Герцогиня сразу как-то напряглась и с удивлением взглянула на Марицу.
– Баронесса фон Кеттлер? – повторила она. – А почему ты меня спрашиваешь о ней?
– Кто-то упомянул в разговоре ее имя, – неуверенно ответила Марица, – и я… мне интересно, кто это такая.
– Я расскажу тебе все о ней, – сказала герцогиня, – во всяком случае все, что вообще можно знать о столь необыкновенной женщине.

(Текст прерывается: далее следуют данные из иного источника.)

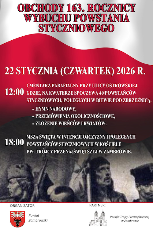 Zapraszamy wszystkich mieszkańców Zambrowa i okolicznych gmin na uroczystość upamiętniającą bohaterów Powstania Styczniowego. Wydarzenie będzie miało miejsce jutro, 22 stycznia na Cmentarzu Parafialnym w Zambrowie - przy grobie Powstańców.

– А чем она необыкновенна?
– Вернее было бы сказать, что она сделала необыкновенную карьеру, – сказала герцогиня. – Ходят слухи, что начинала она певицей или танцовщицей в захудалом кафе, но никто не уверен, что это правда.
– Актриса?
– О, это слишком вежливое выражение! – сухо сказала герцогиня. – Впервые ее заметили, когда она подцепила, другого слова не подобрать, бедного старого барона фон Кеттлера, очень богатого вдовца, занимавшего к тому же высокое положение в обществе.
– Он женился на ней?
– Он женился на ней и представил ее свету с торжествующим видом фокусника, вынимающего кролика из шляпы, – ответила герцогиня.
– Принята ли она в немецком высшем обществе? Я никогда раньше о ней не слышала.
– Конечно, не в тех кругах, в которых вращаетесь вы с Фридрихом, – произнесла герцогиня, – но вне королевского двора никто не посмел бы закрыть дверь перед бароном фон Кеттлером.
– А баронесса немка?
– Нет, нет! Я этого не говорила! В ней течет очень много кровей, полагают даже, что она турчанка, египтянка или мавританка – одному Богу известно, кто же именно! Однажды, кажется, она сказала, что ее отец поляк.
– А она красива?
– Не в моем вкусе, – сказала герцогиня довольно сухо, – но она, безусловно, очень эффектна, с раскосыми глазами, рыжеволосая и с чувственными манерами, напоминающими мне змею.
Марица изумленно слушала. Если баронесса была именно такой, почему тогда генерал фон Эхардштейн грозил Фридриху пригласить в Мариенбад баронессу, если он не выполнит условия кайзера?
Принцесса вспомнила слова генерала:"Она очаровательная женщина и в прошлом оказала нам неоценимую услугу". Вдруг ее осенило, что это была за услуга! Она сказала дрожащим голосом, почти шепотом:
– Вы думаете, баронесса занимается шпионажем?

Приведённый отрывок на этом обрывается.